Commanders and leaders
- Joos de Moor: Federico Spinola †

Strength
- 3 men-of-war, 2 galleys, several minor vessels(Spanish source) 2 galleys, 2 smaller vessels.(Dutch source): 8 galleys, 1,130 soldiers(Spanish source) 8 galleys, 4 smaller vessels(Dutch source)

Casualties and losses
- Dutch source: 50 killed or wounded Spanish source: 720 killed 1 man-of-war sunk: Dutch source: 800 killed or wounded Spanish source: 414 killed

= Battle of Sluis (1603) =

1603 naval battle between a Spanish royal and a Dutch rebel fleet

The Battle of Sluis was a naval battle during the Eighty Years' War in which a Spanish squadron commanded by the Italian captain Federico Spinola tried to break through a blockade of Sluis by Dutch ships under the command of Joos de Moor. After about two hours of fighting the heavily damaged Spanish ships returned to Sluis. Federico Spinola was killed during the action.

==Background==
Federico Spinola was the younger brother of the famous general Ambrogio Spinola. At the end of the 16th century, Federico advised Philip III of Spain to use the galley, a type of ship that was still dominant in the Mediterranean Sea, also to be deployed in Flanders and in Zeeland. The many shallows, winding and narrow streams could give an oar-powered vessel a decisive advantage over ships that depended on the wind. Six large galleys were built and Spinola engaged successfully as a privateer against Dutch and English merchant ships, despite suffering a defeat at Ostend against a squadron from the County of Holland. He used Sluis as a base.

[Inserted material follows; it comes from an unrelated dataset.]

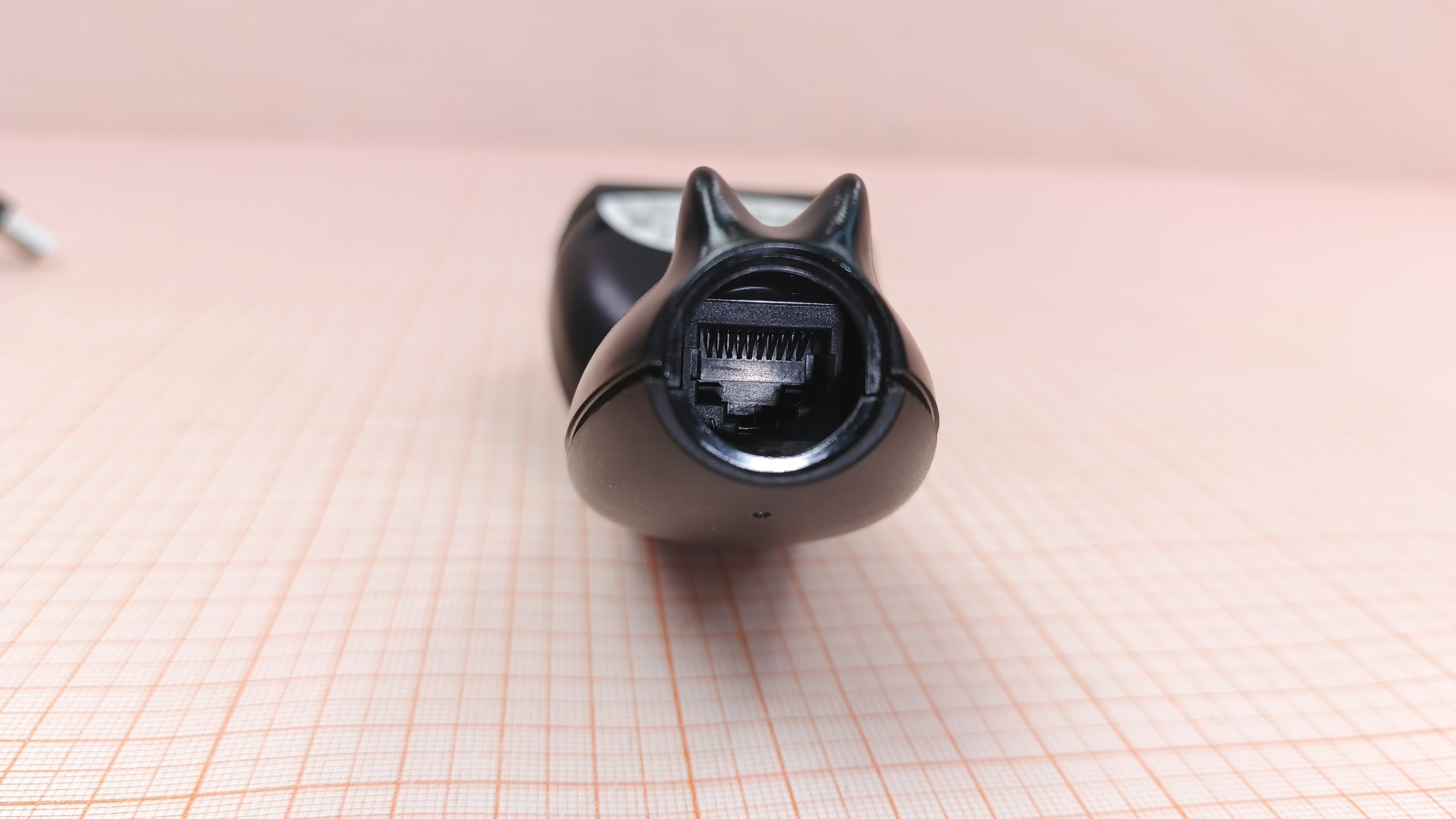 При подключении к ПК загорается лазер и раздаётся звуковой сигнал. Корректно определяется ПК. После загрузки лазер начинает моргать с периодичностью в 1 секунду. Не реагирует на нажатие клавиши.

In response to this, the states of Holland and West Friesland had a Red Galley built at Vlaardingen in 1598. In 1600, a larger, thirty meter long Black Galley was built in Dordrecht. These ships were also successful and five new galleys were built by the Dutch. This led to an arms race. Spinola did not have the capacity to build enough ships in Flanders, so in 1602 he attempted to sail from Portugal to Flanders with eight galleys, manned by nine hundred sailors and soldiers and powered by fifteen hundred galley slaves. He built seven of them on his own, after Philip III rejected a much more ambitious proposal to conquer England with an entire armada of galleys. However, his Protestant enemies became aware of these plans. An English squadron of twelve ships intercepted his fleet at the mouth of the Tagus on June 3, 1602 and sank two galleys in the subsequent battle.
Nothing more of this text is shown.